▸ **Material supplied**:
++++
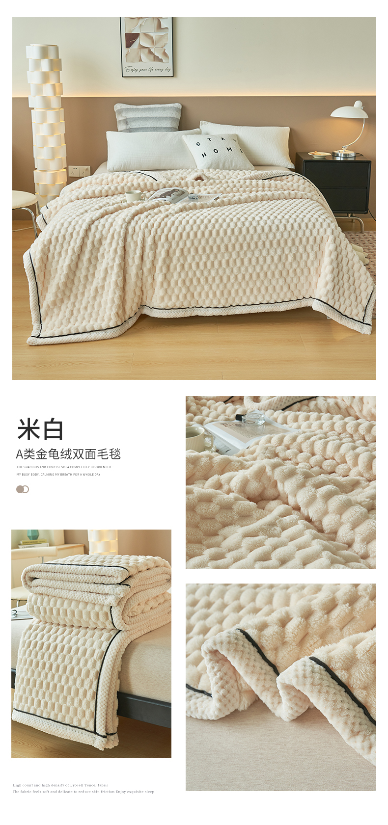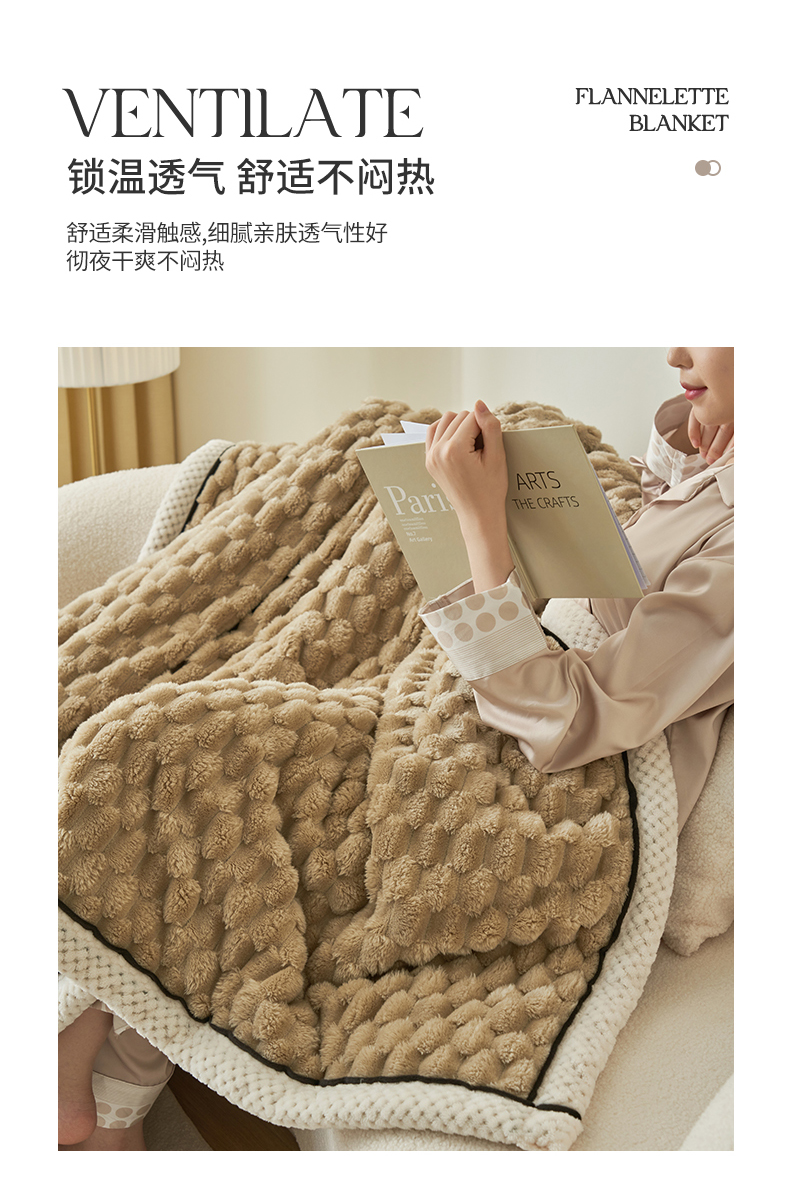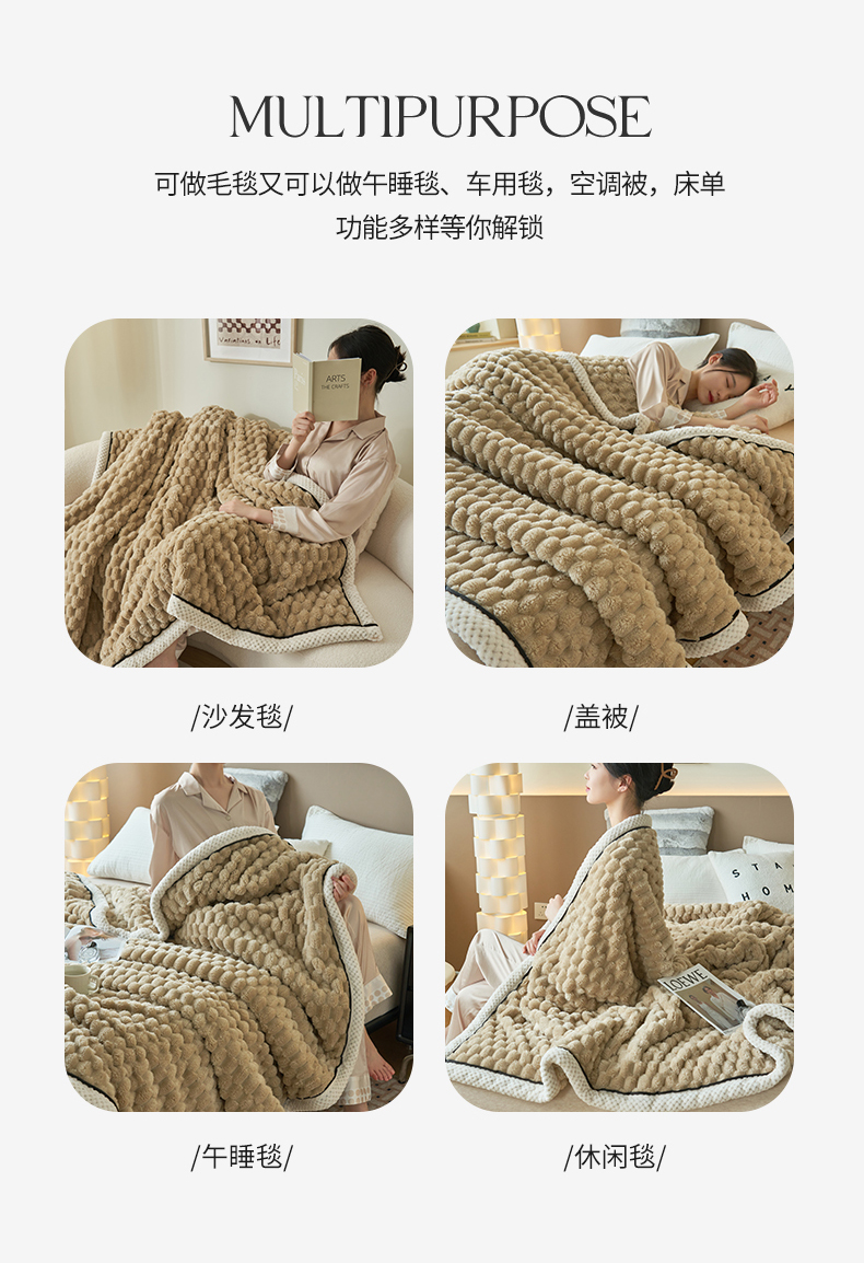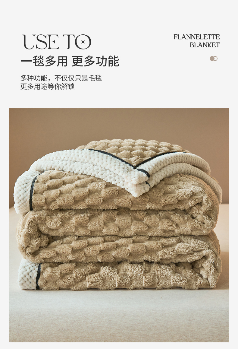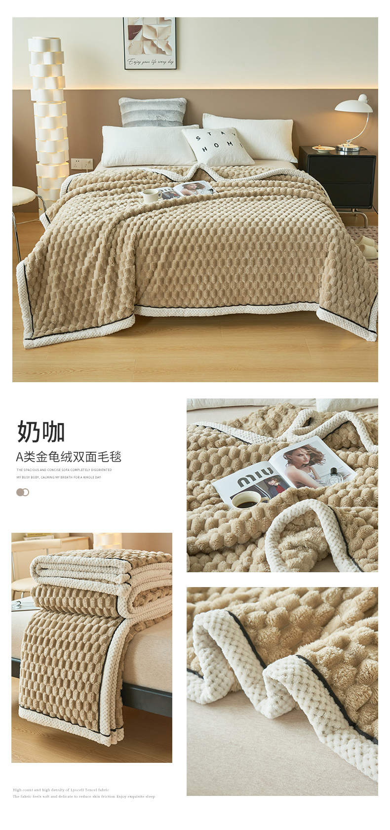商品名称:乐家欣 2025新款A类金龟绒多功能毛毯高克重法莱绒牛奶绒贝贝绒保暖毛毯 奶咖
++++
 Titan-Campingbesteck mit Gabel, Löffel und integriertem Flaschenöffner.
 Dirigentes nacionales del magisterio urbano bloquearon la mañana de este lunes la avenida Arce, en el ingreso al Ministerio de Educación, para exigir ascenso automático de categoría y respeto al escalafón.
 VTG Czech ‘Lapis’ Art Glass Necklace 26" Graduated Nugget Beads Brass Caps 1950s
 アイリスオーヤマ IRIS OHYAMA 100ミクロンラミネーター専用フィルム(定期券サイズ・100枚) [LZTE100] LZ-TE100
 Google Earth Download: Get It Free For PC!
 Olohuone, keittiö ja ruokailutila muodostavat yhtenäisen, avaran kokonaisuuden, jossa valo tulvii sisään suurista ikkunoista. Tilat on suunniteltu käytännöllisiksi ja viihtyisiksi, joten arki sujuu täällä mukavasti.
++++
▸ **Work instructions**: Only the lines above starting with the one with "Dirigentes nacionales del" and going through the one with "Olohuone, keittiö ja" are to be copied, word for word and with both ends kept.

▸ **Answer section**:
 Dirigentes nacionales del magisterio urbano bloquearon la mañana de este lunes la avenida Arce, en el ingreso al Ministerio de Educación, para exigir ascenso automático de categoría y respeto al escalafón.
 VTG Czech ‘Lapis’ Art Glass Necklace 26" Graduated Nugget Beads Brass Caps 1950s
 アイリスオーヤマ IRIS OHYAMA 100ミクロンラミネーター専用フィルム(定期券サイズ・100枚) [LZTE100] LZ-TE100
 Google Earth Download: Get It Free For PC!
 Olohuone, keittiö ja ruokailutila muodostavat yhtenäisen, avaran kokonaisuuden, jossa valo tulvii sisään suurista ikkunoista. Tilat on suunniteltu käytännöllisiksi ja viihtyisiksi, joten arki sujuu täällä mukavasti.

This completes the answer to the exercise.